What is new in this handbook?
- product name: SafeShare Audit is the name of this bundle.
- new red thread: first analyze and explain, then make decisions at the end
- new language: categories such as campaign tracking, click IDs, partner, coupon, redirect context, and unclear parameters are now central
- less mode-first thinking: do not start with checkboxes; first understand what is attached to the link
- audit report: the report documents what was found, removed, and deliberately kept in a traceable way
- honest limits: SafeShare Audit works on the link itself, does not make you anonymous, and does not replace a full tracker blocker
Handbook state: 2026-06-09
Contents
- 1) What SafeShare Audit is
- 2) Quick start
- 3) The audit flow
- 4) Understanding categories
- 5) Recognizing link types
- 6) Link parts in detail
- 7) Set decisions at the end
- 8) Understanding the result card
- 9) Practical examples
- 10) Audit report
- 11) Limits of SafeShare Audit
- 12) Troubleshooting
- 13) FAQ
- License
1) What SafeShare Audit is
SafeShare Audit is a local tool for reviewing outgoing links. It helps you see what is inside a link, what is likely ballast, what may be functional, and what should be decided consciously.

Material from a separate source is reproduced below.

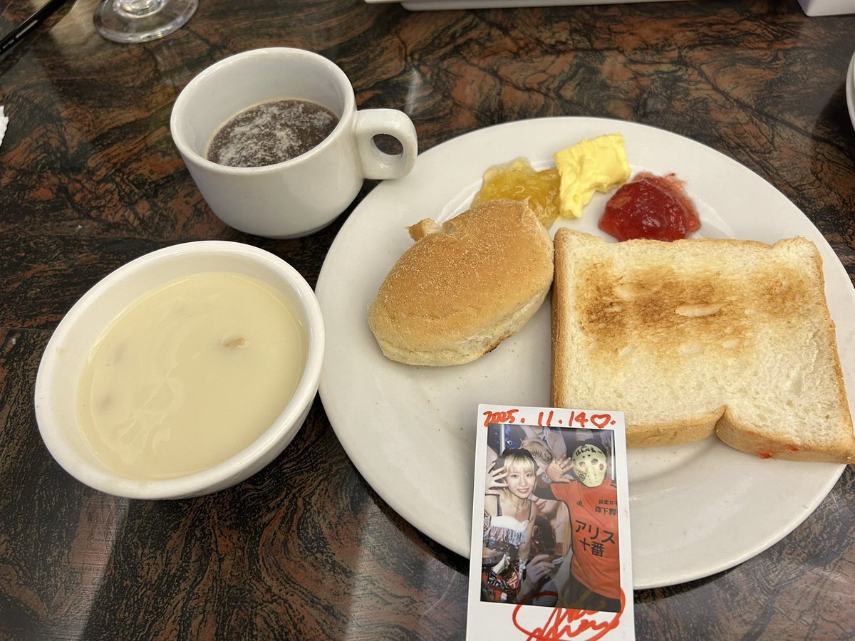 はんべえの冬休み13 チェキ飯🍞 2日目のホテルの朝食です。 クリームスープとオムレットが美味しかったです。 ねおさんとヲタクの話しで盛り上がりました😄 #ホテル朝食 #オムレット #仮面女子 #森下舞桜 pic.x.com/RRSsxx7Quf

What SafeShare Audit actually does
- reviews visible parts of a link directly in your browser
- recognizes typical link types such as web link, shop link, social link, redirect wrapper, shortlink, file link, image link, or video link
- groups link additions into understandable categories
- explains whether something is more likely measurement, click attribution, partner context, coupon, function, or an unclear extra
- shows the explanation first and lets you decide consciously afterward
- creates a cleaned link and an audit report
What SafeShare Audit is not
- not an anonymization tool
- not a VPN
- not a full tracker blocker
- not a tool for adding tracking parameters
- not a promise that the target page itself will not track
- not a magical filter that knows every special case in the world perfectly
Why Audit is more than quick cleaning
A normal link cleaner often gives you only a shorter result. SafeShare Audit also explains what happened: Which parts were recognized? What did they mean? What was removed? What was deliberately kept? Why was SafeShare cautious?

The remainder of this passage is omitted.